Pretrain & Finetune MLM - 6: Reproduce GLUE finetuning results

Richard-Wang · June 7, 2020, 1:04am

To validate our finetuning script, I trained and compared with table 8 of the ELECTRA paper. And the results is, even a little bit better than paper !

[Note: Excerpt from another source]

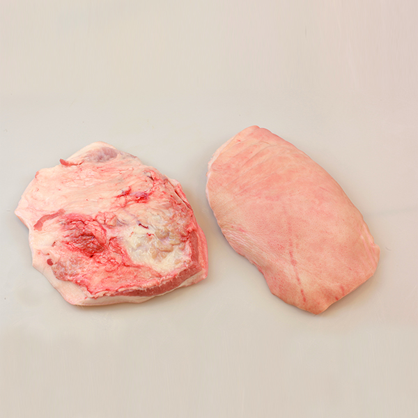Tejido graso subcutáneo de la región anatómica que recubre la mandíbula inferior del cerdo, entre la garganta y el pecho, que incluye parte la musculatura superficial y profunda del cuello y que se presenta con corteza.

Model	CoLA	SST	MRPC	STS	QQP	MNLI	QNLI	RTE	Avg.
ELECTRA-Small	54.6	89.1	83.7	80.3	88.0	79.7	87.7	60.8	78.0
ELECTRA-Small (finetuned with fastai)	52.8	89.8	84.5	83.6	88.7	80.4	88.9	65.2	79.2
ELECTRA-Small++	55.6	91.1	84.9	84.6	88.0	81.6	88.3	63.6	79.7

Results on test test.
No ensemble, No task-specific tricks. Only choose the best one out of 10 trained models.
Actually it confuses me that is electra-small-discriminator on hugging face hub ELECTRA-Small or ELECTRA-Small++ ? (but ELECTRA-small result on GLUE benchmark is actually ELECTRA-Small++)

“Pretrain MLM and fintune on GLUE with fastai”

Previous posts.

Also follow my twitter Richard Wang for updates of this series.

Things on their way

use one_cycle and fp16 to reproduce
Pretrain ELECTRA-small from scratch
ensemble and wnli tricks (maybe)

farid · June 7, 2020, 5:02am

Great job @Richard-Wang! Thank you for sharing!

Tendo · June 7, 2020, 7:59pm

@Richard-Wang Your dedication on this so far has been amazing!! Keep up the excellent work!